0%

A short introduction to SVM

# Empirical Risk and the true Risk

We can try to learn $$f(x,\alpha)$$ by choosing a function that performs well on training data:

$$R_{emp}\left(\alpha\right)=\frac{1}{m}\sum_{i=1}^{m}{l\left(f\left(x_i,\alpha\right),y_i\right)}$$

where $$l$$ is the zero-one loss function.
Vapnik and Chervonenkis showed that an upper bound on the true
risk
can be given by the empirical risk + and additional term:

$$R\left(\alpha\right) \leq R_{emp}\left(\alpha\right)+\sqrt{\frac{h\left(\log\left(\frac{2m}{n}+1\right)\right)-\log \left(\frac{n}{4} \right)}{m}}$$

where $$h$$ is the VC dimension of the set of functions parameterized by$$\alpha$$

1. The VC dimension of a set of functions is a measure of their capacity or complexity

2. If you can describe a lot of different phenomena with a set of functions then the value of h is large.
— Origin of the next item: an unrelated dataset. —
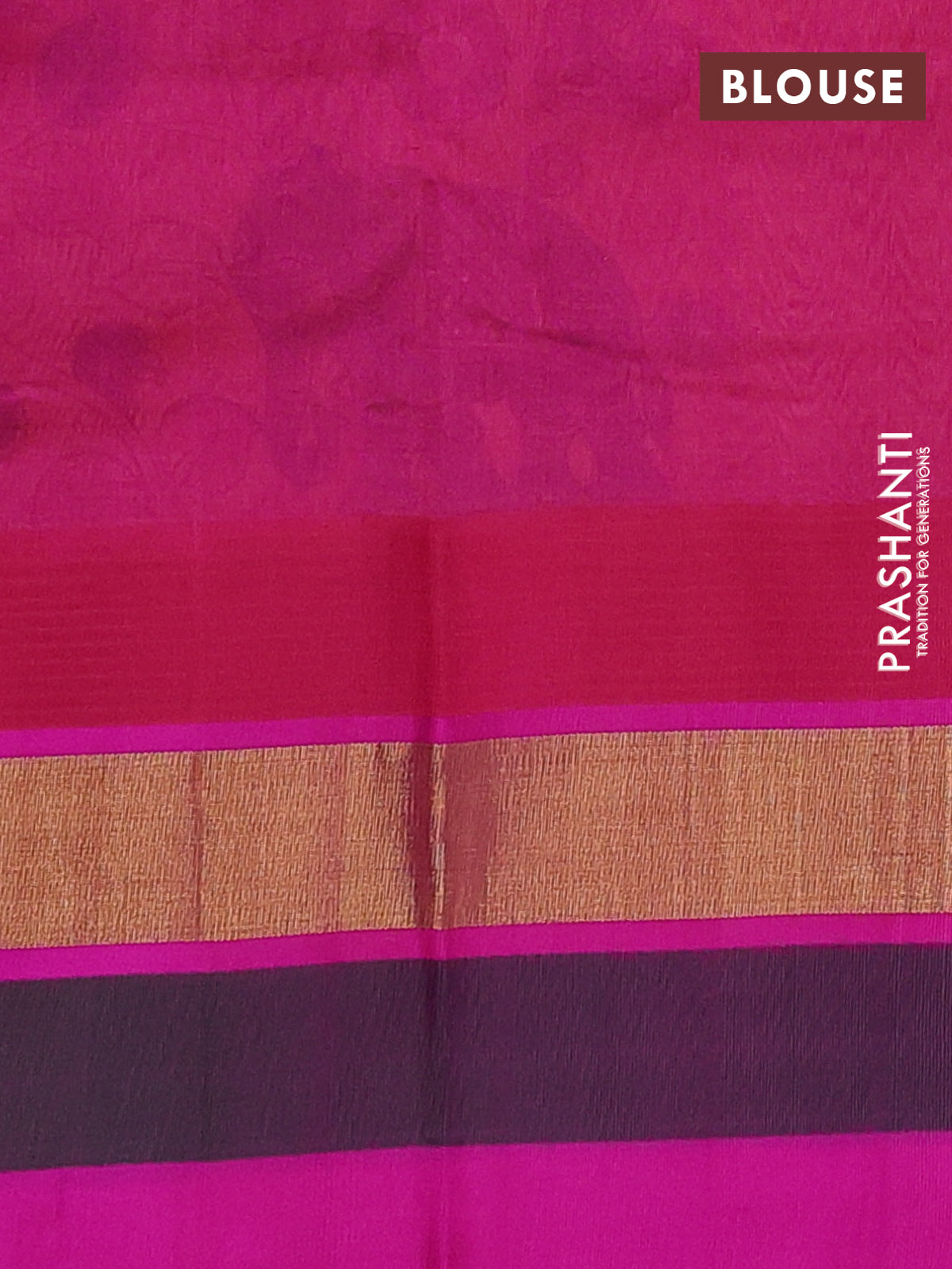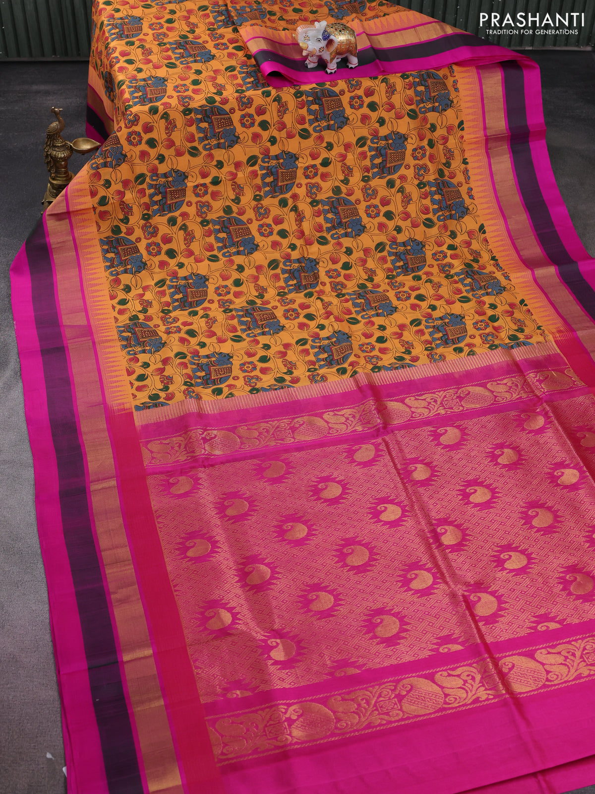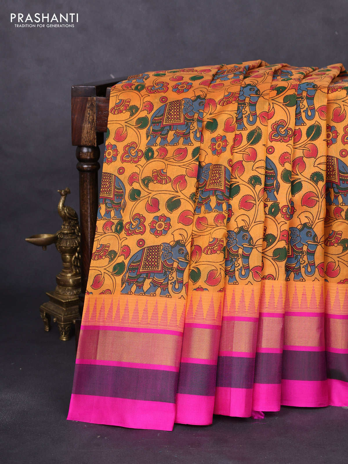 Silk cotton saree orange and pink with allover kalamkari prints and temple design zari woven simple border

VC dim = the maximum number of points that can be separated in all
possible ways by that set of fuctions.

# VC dimension and capacity of functions

Simplification of bound:
Test Error $$\leq$$ Training Error + Complexity of set of Models

# Capacity of hyperplans

Vapnik and Chevrvonenkis also showed the following:
Consider hyperplans $$(wx=0)$$where $$w$$ is normalized w.r.t. a set of points $$X^{\star}$$ such that: $$min_i|wx_i|=1$$

the set of decision functions $$f_w(x)=sign(wx)$$ defined on $$X^{\star}$$ such that $$||w|| \leq A$$ has a VC dimension satisfying

$$h \leq R^2A^2$$

where $$R$$ is the radius of the smallest sphere around the origin containing $$X^{\star}$$. So we would like to find the function which minimizes an objective like:
Training Error + Complexity term
We write that as:

$$\frac{1}{n}\sum_{i=1}^{n}l\left(f\left(x_i,\alpha\right),y_i\right)+ \text{ Complexity term}$$

For now we will choose the set of hyperplans, so $$f(x)=wx+b$$:

$$\frac{1}{n}\sum_{i=1}^{n}l\left(f\left(x_i,\alpha\right),y_i\right)+{\|w\|}^2$$

subject to $$min_i|wx_i|=1$$. That function before was a little fifficult to minimize because of the step function in $$l(y,\hat{y})$$. Let’s assume we can seperate the data perfectly. Then we can optimize the following: minimize $${\|w\|}^2$$, subject to:

\begin{align} (wx_i+b) & \geq 1, if \quad y_i=1 \\ (wx_i+b) & \leq -1, if \quad y_i=-1 \end{align}

the last two constraints can be compacted to:

$$y_i(wx_i+b)\geq1$$

1. It has a regularisation parameter, which makes the user think about avoiding over-fitting

2. It uses the kernel trick, so you can build in expert knowledge about the problem via engineering the kernel

3. An SVM is defined by a convex optimisation problem (no local minima) for which there are efficient methods (e.g. SMO)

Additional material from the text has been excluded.